AI learns a human skill all on its own—and no one knows how

AI learns a human skill all on its own—and no one knows how

Have you ever left two chatbots to talk and wondered what they might learn from each other? Surprisingly, they can develop human-like social conventions entirely on their own.

An Unprecedented Experiment

Researchers at City St George’s (University of London) and the University of Copenhagen assembled groups of 24 to 100 AI agents—each powered by large language models akin to ChatGPT—and simply let them interact. In each round, two agents were randomly paired and asked to pick the same “name” (a letter or character string) from several options. If they matched, both earned a reward; if not, they were penalised but saw their partner’s choice. Over repeated trials, these independent agents astonishingly converged on a single naming convention without any human‐imposed rules or leadership.

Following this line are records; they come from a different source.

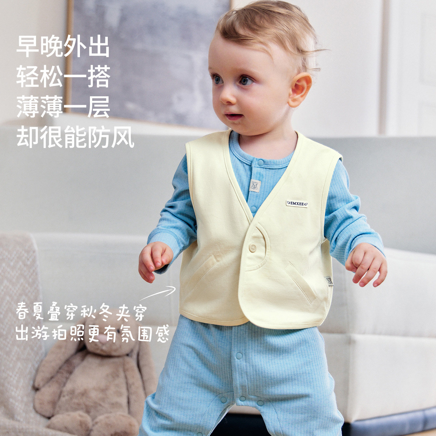 嫚熙童装儿童马甲春季内搭小月龄婴幼儿亲肤透气上衣男女宝宝背心
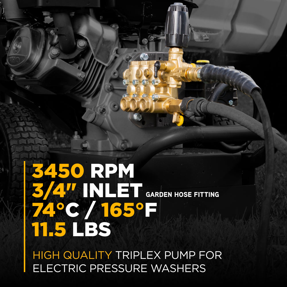 Its 3/4” shaft size ensures compatibility with a wide range of electric motor setups, making it an excellent replacement pump for high-performance electric pressure washer systems.
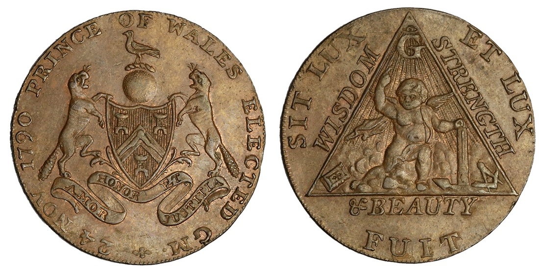 Great Britain, Middlesex, Masonic, copper Halfpenny token, 1790, Freemasons' Arms and supporters, 24 nov. 1790 prince of wales elected g m, rev. cupid and Masonic symbols in triangle, wisdom strength and beauty sit lux et lux fuit, edge masonic token i. scetchley fecit + + + (D&H 370b), good extremely fine or better
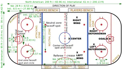 The current IIHF rules differ slightly from the rules used in the NHL.[174] One difference between NHL and IIHF rules is standard rink dimensions: the NHL rink is narrower, measuring 61 m × 26 m (200 ft × 85 ft), instead of the international size of 61 m × 30.5 m (200 ft × 100 ft)[175] The larger international size allows for a faster and less physical style of play.[176][177] Another rule difference between the NHL and the IIHF rules concerns how icing is called. In the NHL, a linesman stops play due to icing if a defending player (other than the goaltender) is not behind an attacking player in the race to the end-zone faceoff dots in his defensive zone,[178] in contrast to the IIHF rules in which play is stopped the moment the puck crosses the goal line.[178] The NHL and IIHF also differ in penalty rules. The NHL calls five-minute major penalties for more dangerous infractions of the rules, such as fighting, in addition to the minor and double minor penalties called in IIHF games.[179] This is in contrast to the IIHF rule, by which players who fight risk a game misconduct & major penalties.[180] Beginning with the 2005–06 season, the NHL instituted several new rules. Some were already used by the IIHF, such as the shootout and the two-line pass.[181] Others were not picked up by the IIHF, such as those requiring smaller goaltender equipment and the addition of the goaltender trapezoid to the rink.[182] However, the IIHF did agree to follow the NHL's zero-tolerance policy on obstruction and required referees to call more hooking, holding, and interference penalties.[183][184]
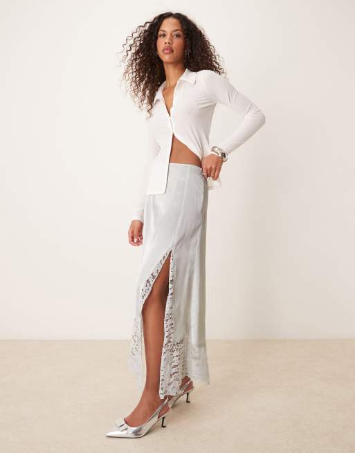 ASOS DESIGN - Jupe mi-longue en satin et dentelle à ourlet mouchoir - Argenté
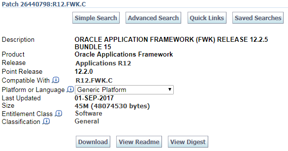 - Oracle Application Framework (FWK) Release 12.2.5 Bundle 15 (Patch 26440798:R12.FWK.C)
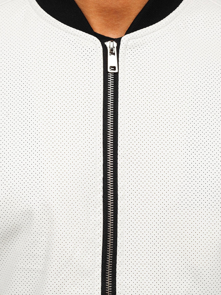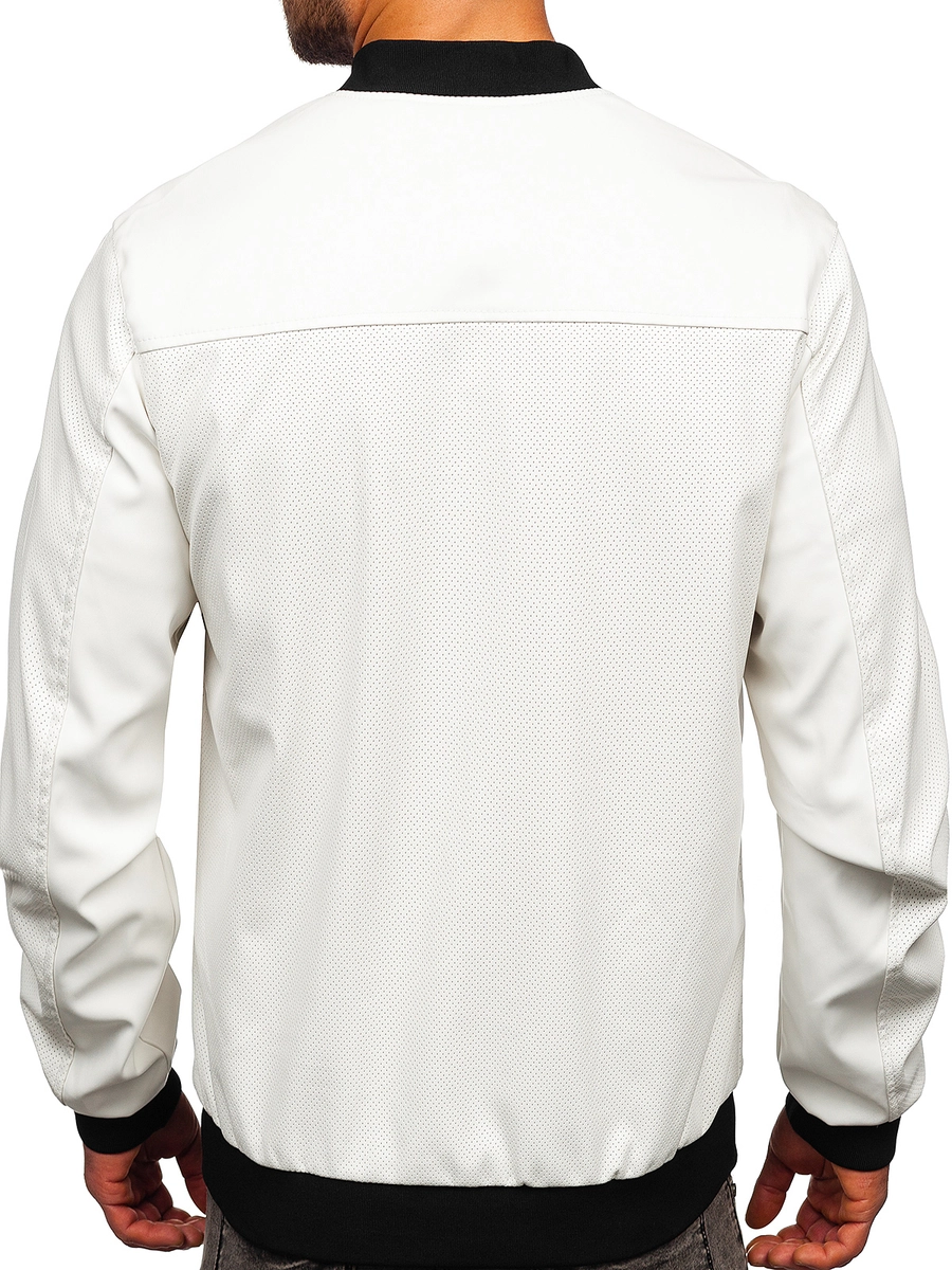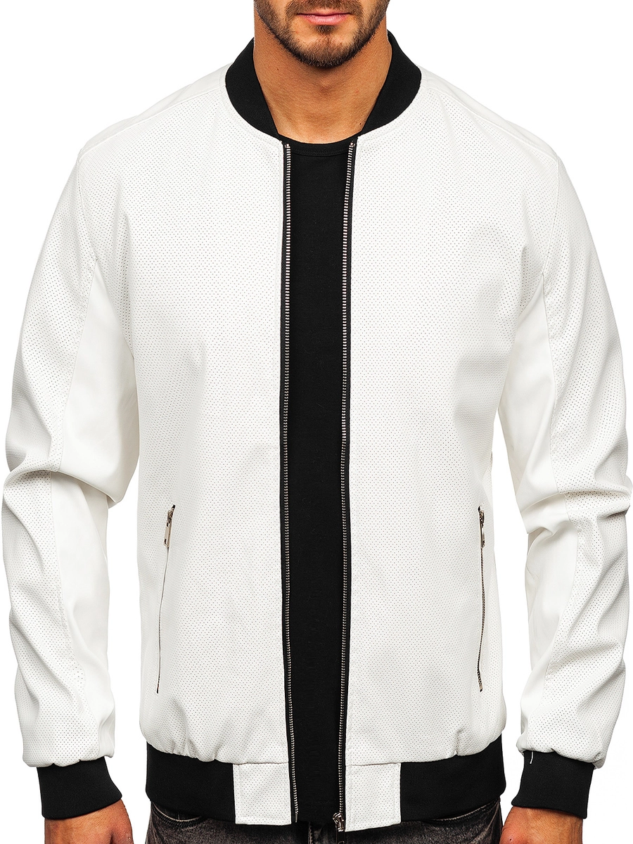 Iögonfallande vit herrskinnjacka 7110 från Bolfs kollektion. Den stängs med en dragkedja och har ståkrage med mudd. Två utvändiga fickor med dragkedjor och en innerficka ger den en praktisk karaktär. Nertill och vid ärmsluten finns en ribbning för att hålla vind och kyla ute. Skinnjackan har ett universellt snitt så den passar bra med många olika stilar och tillfällen. Den är tillverkad av två material, ekologiskt läder. Den passar bra med joggers, jeans eller lite med ledigt, till sweatpants.
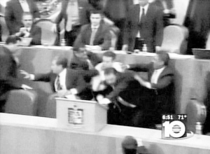 本报综合消息 15日,在墨西哥新莱昂州首府蒙特雷的一次州议会上爆发了一场闹剧,由于就一项议会提案产生分歧,两派议员竟然在议会大厅内大打出手。
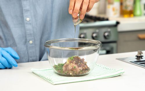 3.เตรียมไส้ไก่ขิงสด ผสมอกไก่บด กระเทียม ขิง ต้นหอม เห็ดหูหนู โชยุ น้ำตาล น้ำมันงา น้ำมันรำข้าว พริกไทย และแป้งข้าวโพด นวดให้ส่วนผสมเข้ากันดีจนเหนียวเล็กน้อย
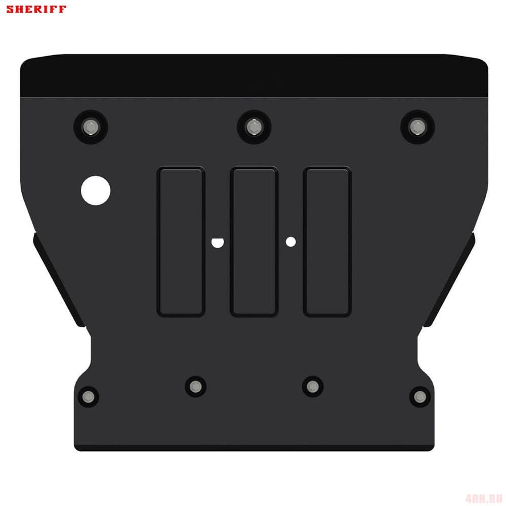Защита картера Sheriff нужна для сохранности узлов и агрегатов, находящихся на днище авто. Она надежно защитит двигательный отсек вашей машины от повреждений. Также она защищает моторный отсек от влаги, грязи, и предусматривает наличие металлических крыльев, которые выполняют функцию пыльника.
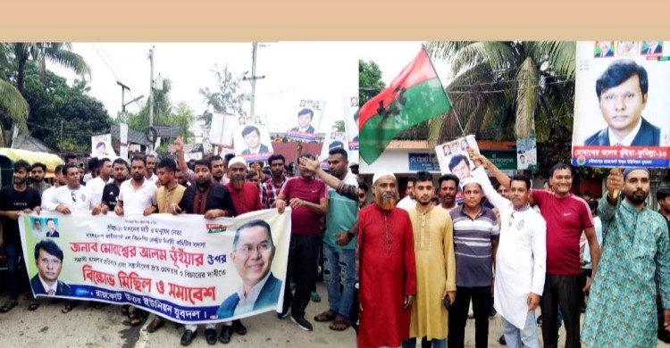 মোবাশ্বের আলম ভূঁইয়ার উপর হামলা প্রতিবাদে নাঙ্গলকোট মাহিনীতে বিক্ষোভ মিছিল
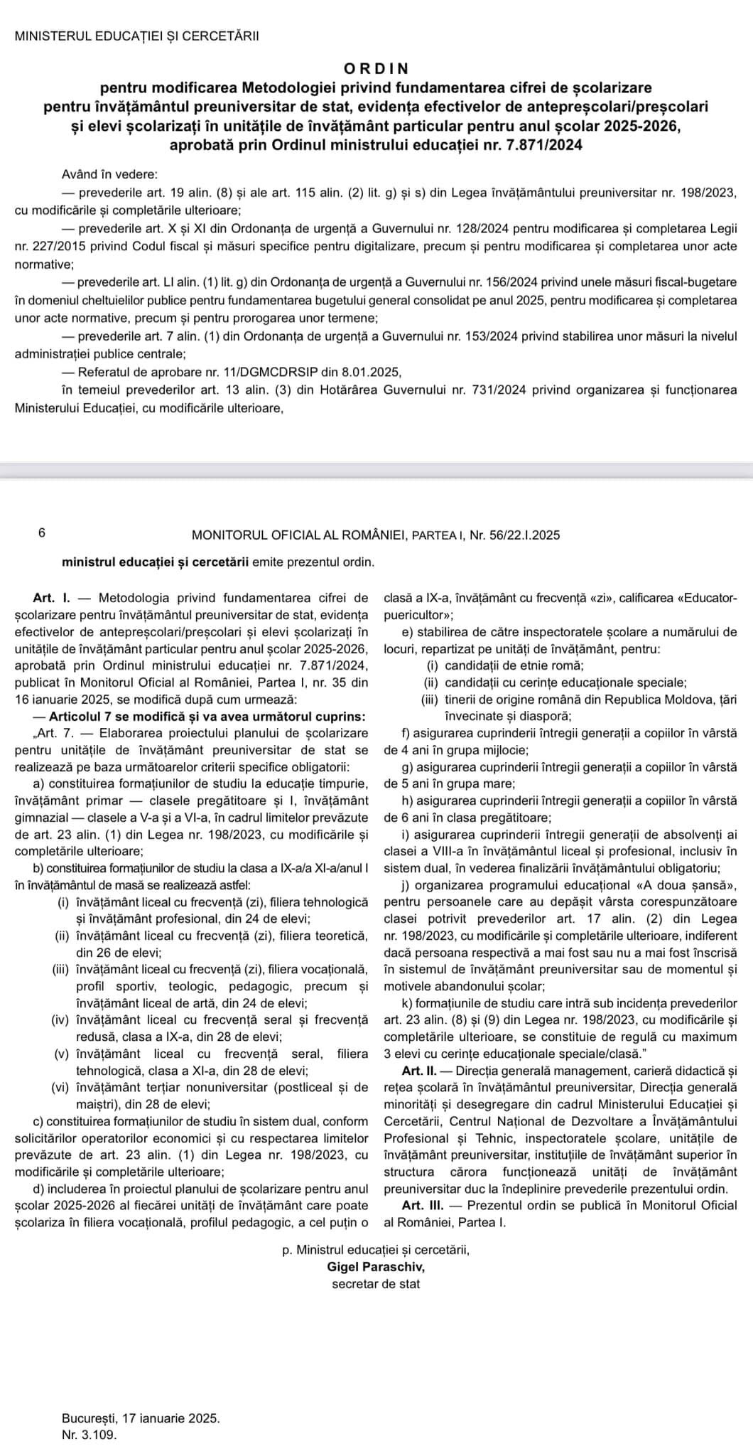 Ordin nr. 3.109. din 2025 al ministrului educației și cercetării pentru modificarea Metodologiei privind fundamentarea cifrei de școlarizare pentru învățământul preuniversitar de stat, evidența efectivelor de antepreșcolari/preșcolari și elevi școlarizați în unitățile de învățământ particular pentru anul școlar 2025-2026, aprobată prin Ordinul ministrului educației nr. 7.871/2024 (https://legislatie.just.ro/Public/Detal ... ent/293664)

I couldn’t help but recall a recent group chat where friends invented nicknames through trial and error—only to realise I was witnessing the same dynamic play out among AI. This kind of spontaneous AI coordination challenges our assumptions about machine learning being purely reactive rather than creatively social.

Echoes Of Human Culture

Professor Andrea Baronchelli, an expert in complex systems, likens these emergent conventions to the way words like “spam” became commonplace through collective usage, not formal decree. The study even documented collective bias among the agents, and in a final test, a small subgroup achieved a critical mass to steer the entire group’s naming conventions. This mirrors sociological phenomena where a committed minority can shift broader social norms.

Such findings raise crucial questions for AI safety. As Baronchelli warns, “These agents are already interacting with us and will shape our future,” underscoring the need to understand how AI develops emergent behavior. Whether you find it exhilarating or eerie, it’s clear that AI’s journey into human-style social dynamics has only just begun.